Проклятие
Итак, она герой, великая женщина, умудрившаяся, пройдя через все фантастические превратности, сохранить чистое сердце и идеалы молодости, легенда, неразгаданный символ, посмертная слава (дым?), сияние славы, фанфары трубят — хоть пиши оптимистическую трагедию! Старые большевики, вся ленинская гвардия, тени отгремевшей эпохи, восторженно пожирают глазами ее портрет в траурной раме, подходят по очереди, ничтоже сумняшеся прикладываются к нему, как к чудотворной иконе, надрывно и с неизбывным староверческим упрямством зацеловывают.

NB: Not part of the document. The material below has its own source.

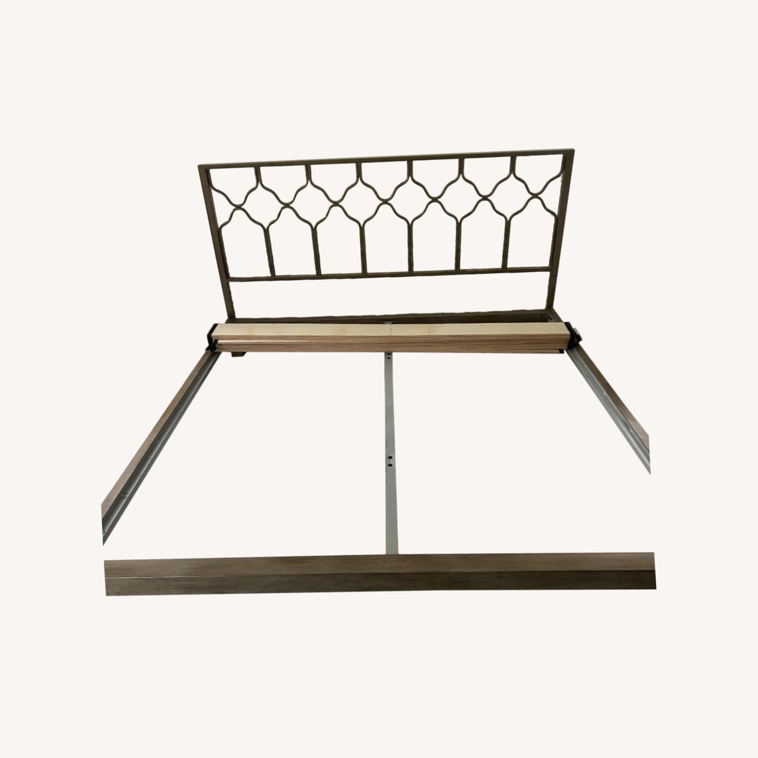 Seller's Notes:King size brushed gold bed. Purchased from Wayfair (Latitude Run) Really pretty muted gold color. Goes with everything. No significant damage. I saw a small drip of paint on one of the legs while taking it apart. Could probably scratch it off but I haven’t tried. Very easy to assemble and disassemble. We got this a couple years ago, but moved and it no longer works in the new space.
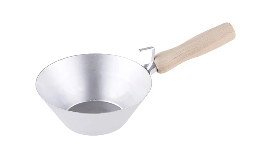 160 mm-es falazókanál fa nyéllel és akasztóval. Ez egy kőműves szerszám, amelyet építőanyagok mozgatására használnak: habarcs, beton stb.

Вот так-то, триумф, посмертным признанием закончилась цветистая биография Анны Ильиничны. Лучше поздно, чем никогда!
А вот вы отгрохайте 17 лет (на параше не просидишь), а потом и иронизируйте:
— Анна Ильинична, а вы сидели в БУРе?
3. Крах БерезняковНаконец, ничего не зная и не ведая о самоубийстве, о фанфарах и посмертной славе Анны Ильиничны, заявилась в Москву из своих Березняков наша непредсказуемая Губошлепия (очередной набег на Кухню), и это пришлось как раз на сороковины. Ахнули мазурики (не ждали такого подарочка, гром среди ясного неба), однако быстро оправились, молодые были, сил избыток, подл, подл, человек, сказал бы Достоевский.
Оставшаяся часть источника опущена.